• _Directions_
Your copy starts at the line containing "编辑:吴楠 审核:刘晓俏 阅读次数:原文标题:寄丢贵重物品,只赔三倍邮费吗" and ends at the last line below. Copy exactly, without pictures.

• _Collection entries_
● ● ● ●

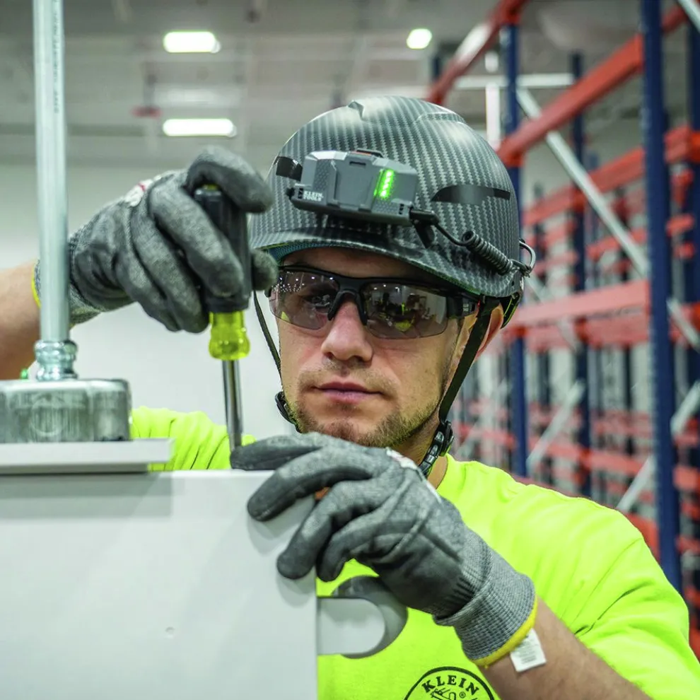 Patent-pending accessory mounts on front and back ensure Klein Headlamps and other accessories attach securely and precisely every time; no straps or zip ties needed
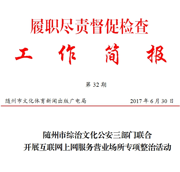 自6月23日随州市文化市场专项整治行动启动仪式后,市综治办、市文体新广局、市公安局三部门再出重拳,强力整治文化市场。三部门联合印发了《随州市互联网上网服务营业场所专项整治工作方案》(随综治办〔2017〕14号),重点开展打击上网服务营业场所违规接纳未成年人,不实名登记专项行动。 专项行动旨在政府主导,部门职动,相互协作,形成互联网上网服务营业场所市场监管合力。坚持舆论宣传,社会监督,惩教并重,引导互联网上网服务营业场所自觉守法经营。通过开展专项行动,探索建立长效监管机制,有效遏制互联网上网服务营业场所违规接纳未成年人及不实名登记现象,全面清理各种违法,有害经营,不断改善经营环境,规范经营秩序。 在此专项行动中,文化与公安部门携手共同履行职责。文化部门主要负责查处互联网上网服务营业场所违规接纳未成年人行为,对违规场所给予警告、罚款、停业整顿,直至吊销《网络文化经营许可证》,并列入湖北省诚信体系黑名单。公安机关主要负责查处互联网上网服务营业场所违规不实名登记行为。对违法经营被文化行政部门、公安机关给予停业整顿行政处罚的上网服务场所,由综治、公安部门依法依规予以处理。对情节严重的,坚决实行挂牌督办、实行“一票否决”。专项整治活动中,同时对互联网上网服务营业场所的安全隐患进行全面检查。 网吧违规接纳未成年人上网,严重危害未成年人身心健康,一直是人民群众投诉集中的问题之一,各地各相关部门要高度重视,以“暑期集中行动”为抓手,积极构筑网吧专项整治的“六道防火墙”,有效预防和严查重罚互联网上网服务经营场所违规接纳未成年人和不实名登记行为。
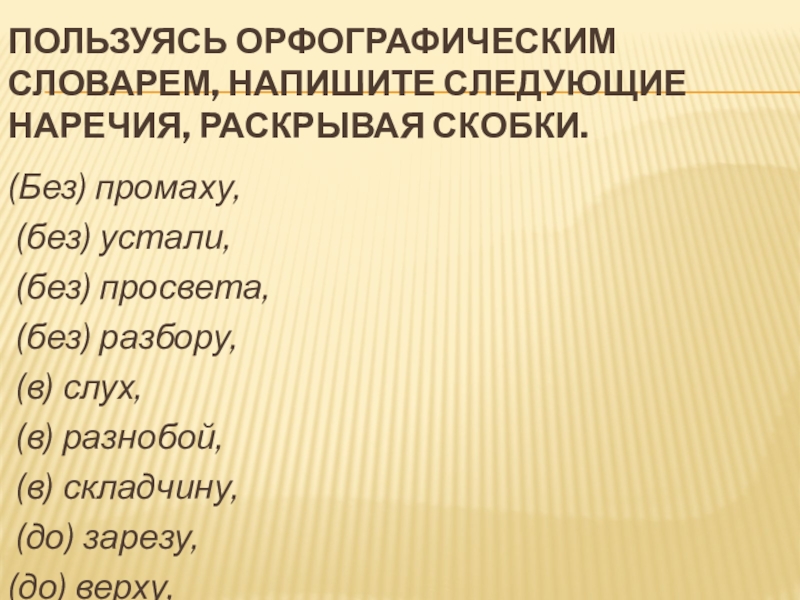 Слайд 20Пользуясь орфографическим словарем, напишите следующие наречия, раскрывая скобки.
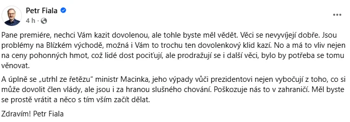 Hlavním terčem Fialovy kritiky je však ministr Macinka, který v nepřítomnosti premiéra zcela opustil diplomatický protokol. Jeho agresivní výpady vůči prezidentovi republiky jsou podle Fialy neomluvitelné.
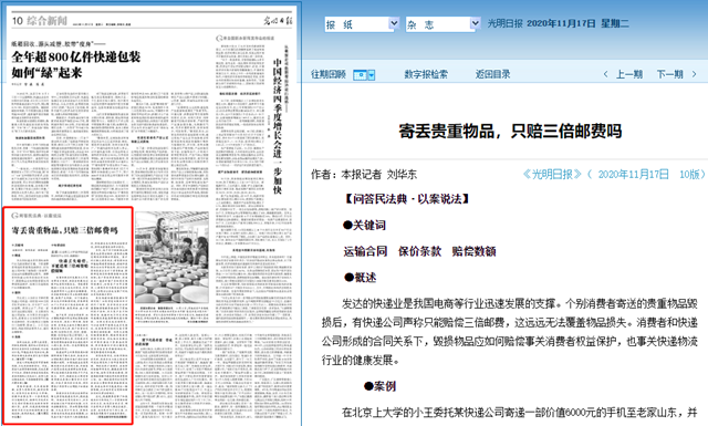 编辑:吴楠 审核:刘晓俏 阅读次数:原文标题:寄丢贵重物品,只赔三倍邮费吗
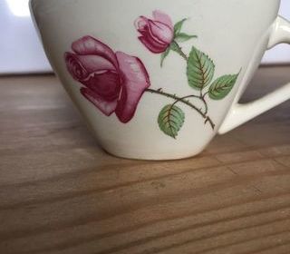 4 tasses à café Sarreguemines.Base carrée, motif rose.Parfait état
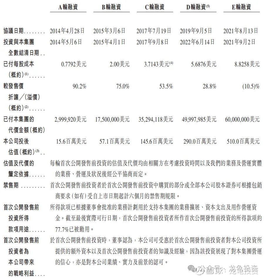 IPO前公司总共完成5轮融资,E轮融资完成后,公司估值5.1亿美元,约合39.81亿港元;每股成本8.8258美元,约合68.89港元,较发售价溢价10.5%;禁售期6个月。值得一提的是IPO前E轮融资是腾讯投的6000万美金。
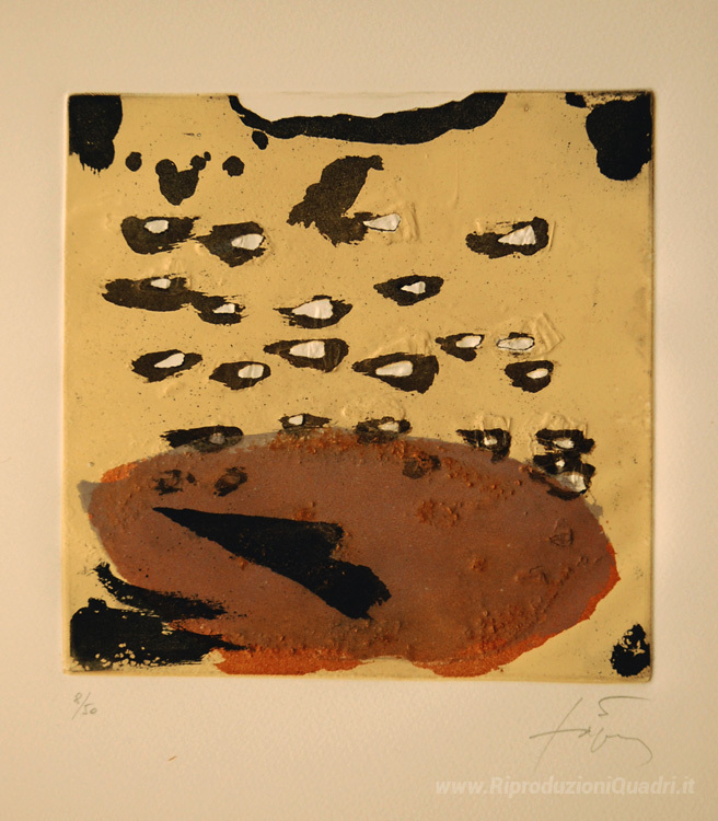Ti offriamo una riproduzione artigianale su tela dell'opera famosa 'Repliquer II' di Antoni Tapies, dal Museo delle Riproduzioni.
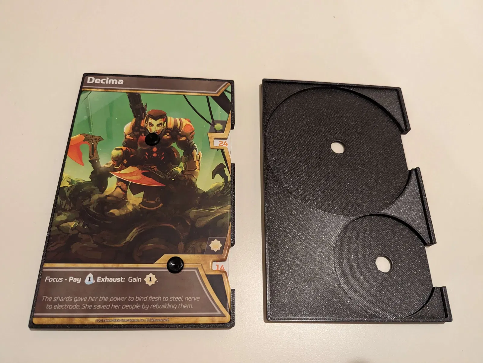 Tôi đã cảm thấy khó chịu vì các thẻ nhân vật/thẻ đếm điểm trong Shards of Infinity không nằm phẳng trên bàn, vì vậy tôi đã làm một cái chèn nhỏ. Các thẻ rất vừa vặn nhưng các đếm thì quay tự do. Tôi nhận thấy ít nhất một thẻ trong bộ của tôi có đường cắt xấu và tôi đã phải cắt một bên để cho nó vừa. Tất cả 4 thẻ nên vừa trong hộp với những cái chèn này.
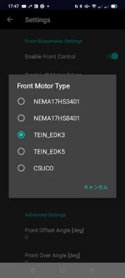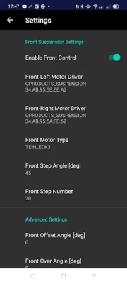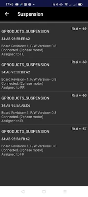 The App can access the motor driver board via Bluetooth Low Energy. It means that it can control the suspension system from inside a car even if driving. The suspension control system supports many dampers with a knob to adjust the damping force power. It can be supported by several types of knobs such as a number of steps, or angles.

● ● ● ●

• _Answer to this problem_
 编辑:吴楠 审核:刘晓俏 阅读次数:原文标题:寄丢贵重物品,只赔三倍邮费吗
 4 tasses à café Sarreguemines.Base carrée, motif rose.Parfait état
 IPO前公司总共完成5轮融资,E轮融资完成后,公司估值5.1亿美元,约合39.81亿港元;每股成本8.8258美元,约合68.89港元,较发售价溢价10.5%;禁售期6个月。值得一提的是IPO前E轮融资是腾讯投的6000万美金。
Ti offriamo una riproduzione artigianale su tela dell'opera famosa 'Repliquer II' di Antoni Tapies, dal Museo delle Riproduzioni.
 Tôi đã cảm thấy khó chịu vì các thẻ nhân vật/thẻ đếm điểm trong Shards of Infinity không nằm phẳng trên bàn, vì vậy tôi đã làm một cái chèn nhỏ. Các thẻ rất vừa vặn nhưng các đếm thì quay tự do. Tôi nhận thấy ít nhất một thẻ trong bộ của tôi có đường cắt xấu và tôi đã phải cắt một bên để cho nó vừa. Tất cả 4 thẻ nên vừa trong hộp với những cái chèn này.
 The App can access the motor driver board via Bluetooth Low Energy. It means that it can control the suspension system from inside a car even if driving. The suspension control system supports many dampers with a knob to adjust the damping force power. It can be supported by several types of knobs such as a number of steps, or angles.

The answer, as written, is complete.